─── Given data

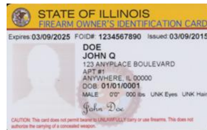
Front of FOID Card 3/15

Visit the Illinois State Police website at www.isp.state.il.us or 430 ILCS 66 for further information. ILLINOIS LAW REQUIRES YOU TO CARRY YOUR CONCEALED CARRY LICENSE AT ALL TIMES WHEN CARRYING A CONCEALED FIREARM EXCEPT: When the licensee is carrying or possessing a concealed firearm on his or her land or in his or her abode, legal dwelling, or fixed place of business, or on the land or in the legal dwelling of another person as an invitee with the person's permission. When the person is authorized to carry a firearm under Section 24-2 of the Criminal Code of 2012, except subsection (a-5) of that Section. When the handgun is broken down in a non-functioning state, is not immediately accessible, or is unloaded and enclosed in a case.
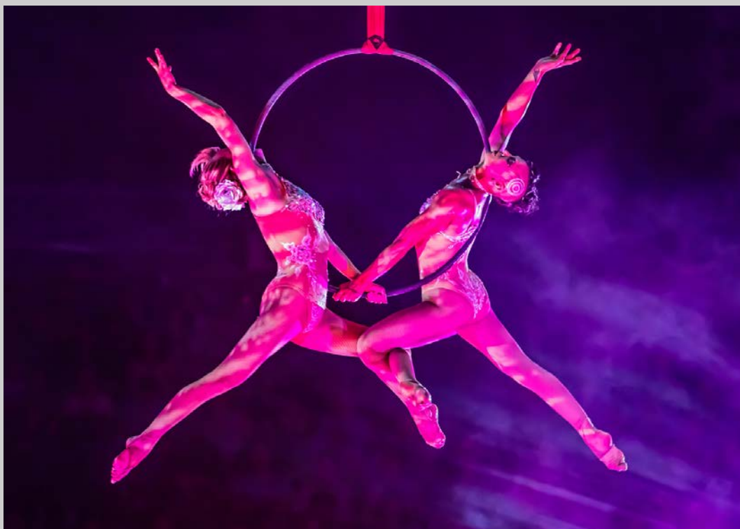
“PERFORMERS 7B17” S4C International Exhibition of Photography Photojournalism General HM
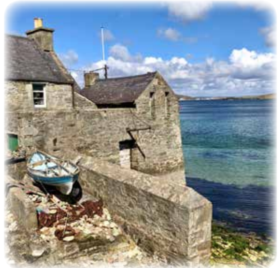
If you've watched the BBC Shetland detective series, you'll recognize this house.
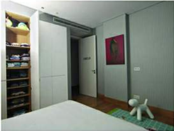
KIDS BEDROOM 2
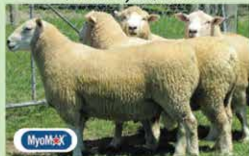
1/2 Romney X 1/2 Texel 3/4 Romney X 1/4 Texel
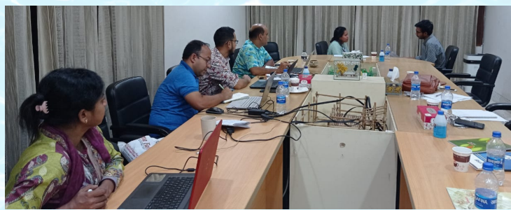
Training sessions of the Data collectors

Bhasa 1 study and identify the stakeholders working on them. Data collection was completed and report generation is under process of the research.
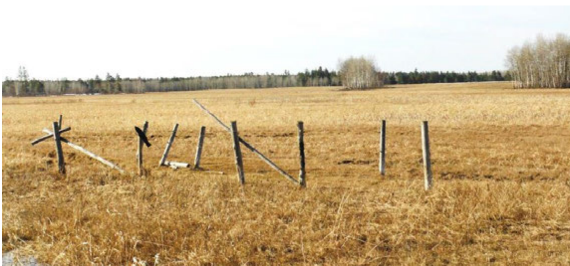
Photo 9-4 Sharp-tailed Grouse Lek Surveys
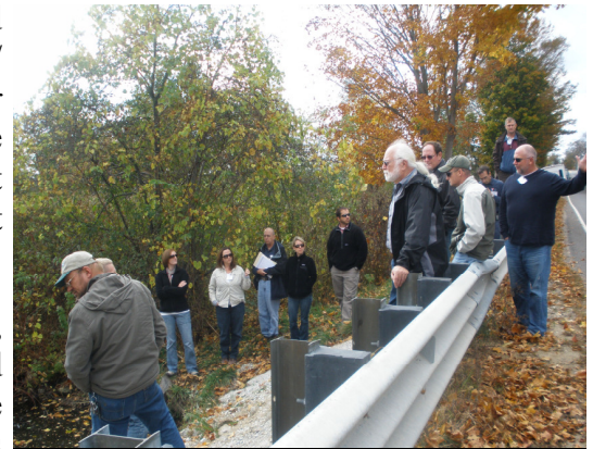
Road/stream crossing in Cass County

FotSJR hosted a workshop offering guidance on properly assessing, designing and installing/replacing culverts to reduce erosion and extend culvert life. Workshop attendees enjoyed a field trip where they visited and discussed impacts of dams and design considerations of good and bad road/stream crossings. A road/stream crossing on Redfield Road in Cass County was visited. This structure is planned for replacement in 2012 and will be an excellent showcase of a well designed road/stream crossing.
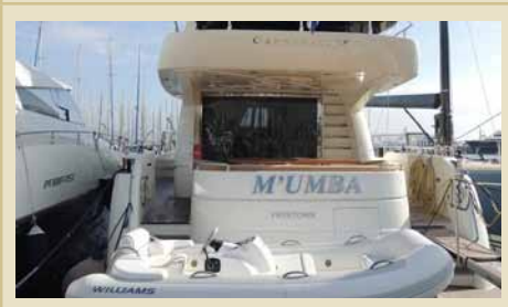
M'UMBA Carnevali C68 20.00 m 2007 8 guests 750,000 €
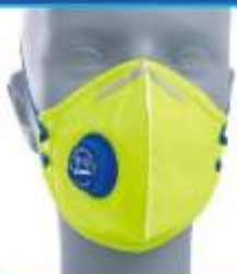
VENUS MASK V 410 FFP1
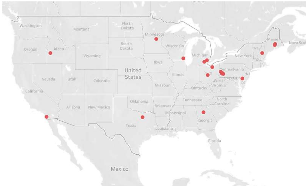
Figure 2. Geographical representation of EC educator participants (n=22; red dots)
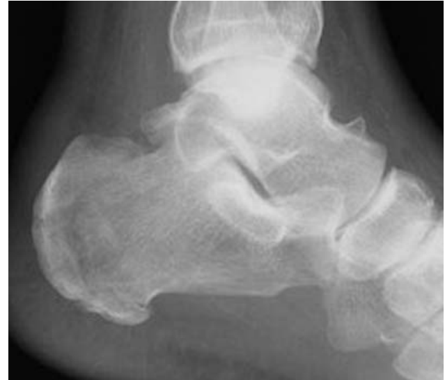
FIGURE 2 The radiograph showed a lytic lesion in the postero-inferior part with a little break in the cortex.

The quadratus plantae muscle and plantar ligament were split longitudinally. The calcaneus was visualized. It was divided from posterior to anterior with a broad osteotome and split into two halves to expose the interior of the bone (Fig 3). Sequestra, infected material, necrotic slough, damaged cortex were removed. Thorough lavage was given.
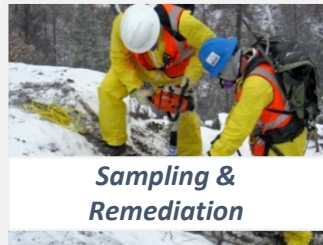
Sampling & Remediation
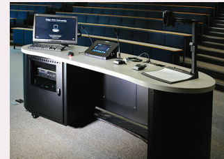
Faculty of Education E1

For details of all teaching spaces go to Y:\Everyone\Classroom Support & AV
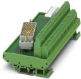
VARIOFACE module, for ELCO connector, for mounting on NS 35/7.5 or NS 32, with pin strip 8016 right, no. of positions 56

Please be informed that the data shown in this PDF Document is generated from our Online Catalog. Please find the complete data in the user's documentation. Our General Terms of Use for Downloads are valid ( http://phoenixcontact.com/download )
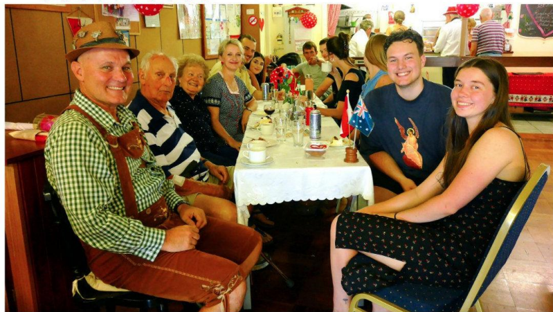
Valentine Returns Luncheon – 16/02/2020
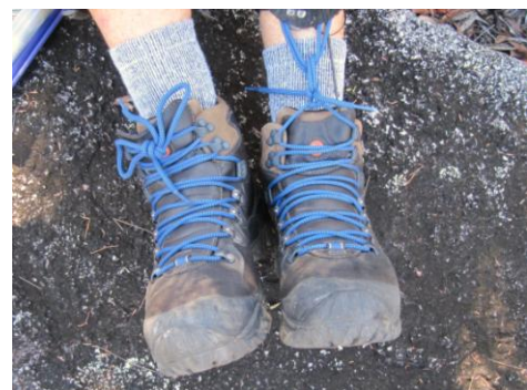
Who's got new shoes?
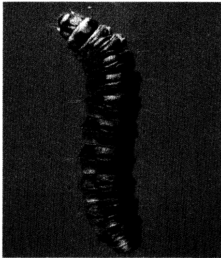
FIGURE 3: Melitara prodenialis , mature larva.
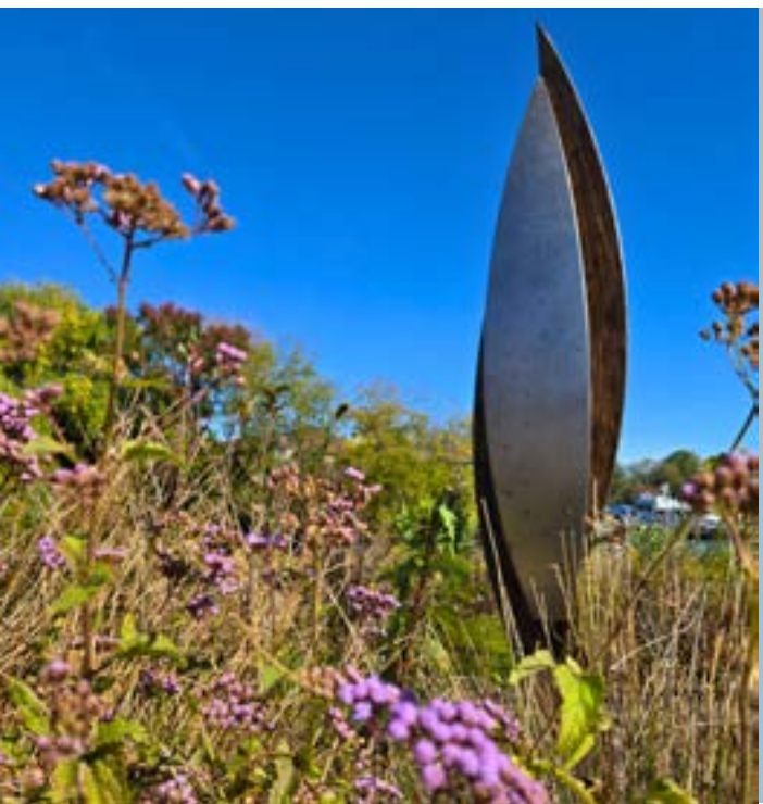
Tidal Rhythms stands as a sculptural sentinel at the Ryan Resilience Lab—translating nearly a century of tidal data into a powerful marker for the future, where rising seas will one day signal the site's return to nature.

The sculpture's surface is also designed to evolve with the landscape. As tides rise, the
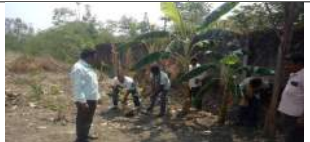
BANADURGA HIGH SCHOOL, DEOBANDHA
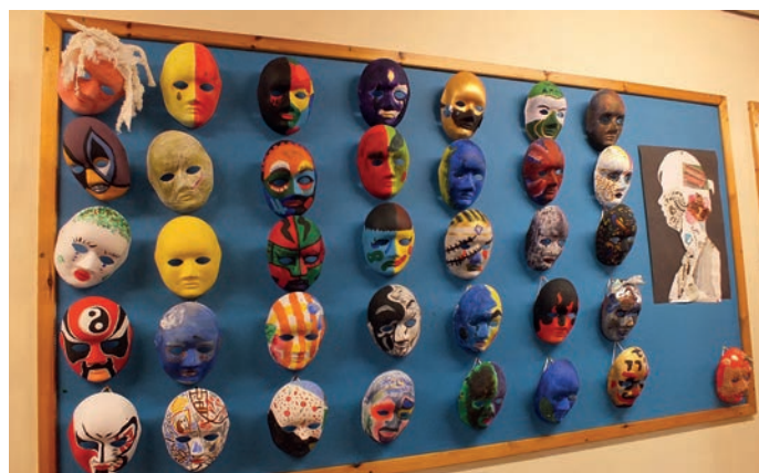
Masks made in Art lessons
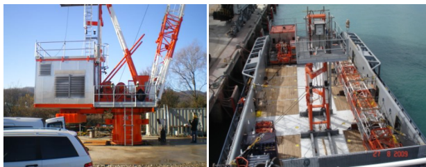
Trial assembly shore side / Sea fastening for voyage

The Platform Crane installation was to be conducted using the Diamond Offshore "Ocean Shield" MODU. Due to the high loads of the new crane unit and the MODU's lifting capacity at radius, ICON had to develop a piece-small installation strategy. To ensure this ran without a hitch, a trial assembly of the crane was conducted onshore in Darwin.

──────

Task directions
Pull out all lines from the listing that contain the string "stream".

Output below
Road/stream crossing in Cass County
FotSJR hosted a workshop offering guidance on properly assessing, designing and installing/replacing culverts to reduce erosion and extend culvert life. Workshop attendees enjoyed a field trip where they visited and discussed impacts of dams and design considerations of good and bad road/stream crossings. A road/stream crossing on Redfield Road in Cass County was visited. This structure is planned for replacement in 2012 and will be an excellent showcase of a well designed road/stream crossing.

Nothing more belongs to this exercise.